AlexandrovLab / SigProfilerClusters

Tool for analyzing the inter-mutational distances between SNV-SNV and INDEL-INDEL mutations. Tool separates mutations into clustered and non-clustered groups on a sample-dependent basis.
BSD 2-Clause "Simplified" License
11 stars 1 forks source link

rainfallPlots is missing. #12

Closed xysj1989 closed 2 years ago

xysj1989 commented 2 years ago

Dear developer,

I tried to tested the example code of SigProfilerClusters at (https://osf.io/qpmzw/wiki/5.%20Quick%20Start%20Example/)

My input file is BRCA-UK_SP116353.snv_mnv.vcf

My code is as following:

from SigProfilerMatrixGenerator.scripts import SigProfilerMatrixGeneratorFunc as matGen from SigProfilerMatrixGenerator import install as genInstall from SigProfilerSimulator import SigProfilerSimulator as sigSim from SigProfilerClusters import SigProfilerClusters as hp

Output_Dir = "/Users/z-1-Test/SigProfilerClusters-test"

sigSim.SigProfilerSimulator("BRCA", Output_Dir, "GRCh37", contexts = ['288'], chrom_based=True, simulations=100) hp.analysis("BRCA", "GRCh37", "96", ["96"], Output_Dir)

However, in my output Dir (/Users/z-1-Test/SigProfilerClusters-test/plots), I can only get BRCA_intradistance_plots_288_corrected.pdf.

There is no rainfallPlots_clustered_project_corrected.pdf

Is there something wrong with the example code or current package? Or do you have extra parameters for the rainfallPlots ?

Thanks

ebergstr commented 2 years ago

Hi,

You will need to set subClassify=True. The rainfall plot relies on the subclassifications of clustered events, so without these categories, the rainfall plot is not produced.

I will close this issue, but please feel free to reopen if you experience further issues!
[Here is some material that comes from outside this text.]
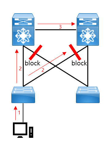 허나 위와 같은 이중화 구성은 네트워크의 looping을 발생시킬 수 있습니다.
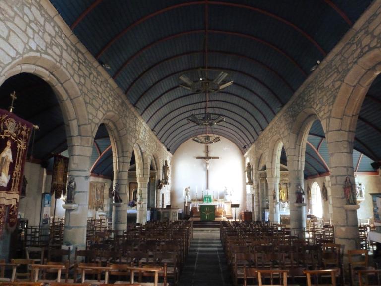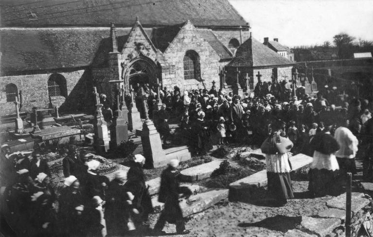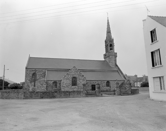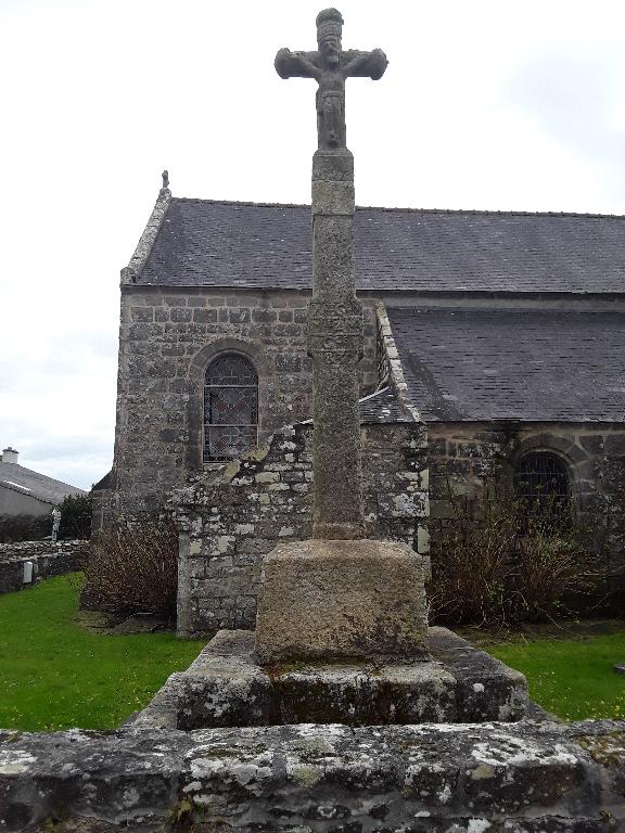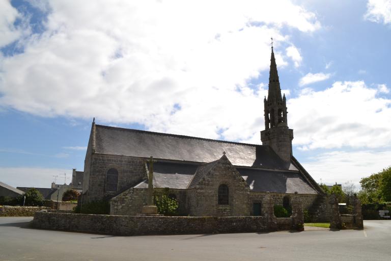 Nef 1ère moitié 16e siècle, clocher 16e siècle provenant de la chapelle de Lo Christ en Beuzec-Cap-Sizun ; baies probablement refaites au 18e siècle ; date de 17 (3, ?) 8 à l' angle nord-est du porche sud ; nombreuses inscriptions illisibles souvent en remploi ; croix de l' enclos datée 1827 ; inscription : YES GEN MIE ANE GGE ; stèle préhistorique.

xysj1989 commented 2 years ago

Thanks for your reply. This time I try the following commands:

hp.analysis("BRCA", "GRCh37", "96", ["96"], subClassify=True, Output_Dir)

hp.analysis("BRCA", "GRCh37", "96", ["288"], Output_Dir, analysis="all", sortSims=True, subClassify=True, correction=True, calculateIMD=True, max_cpu=4, TCGA=True, sanger=False)

But the rainfall plot is still missing.

Here is the output from my terminal, with no errors reported.

====================================== Beginning SigProfilerClusters Analysis

Calculating mutational distances...Completed! Determining sample-dependent intermutational distance (IMD) cutoff...Completed!

Analyzing clustered mutations... Starting matrix generation for SNVs and DINUCs...Completed! Elapsed time: 2.06 seconds. Matrices generated for 1 samples with 0 errors. Total of 2257 SNVs, 701 DINUCs, and 0 INDELs were successfully analyzed.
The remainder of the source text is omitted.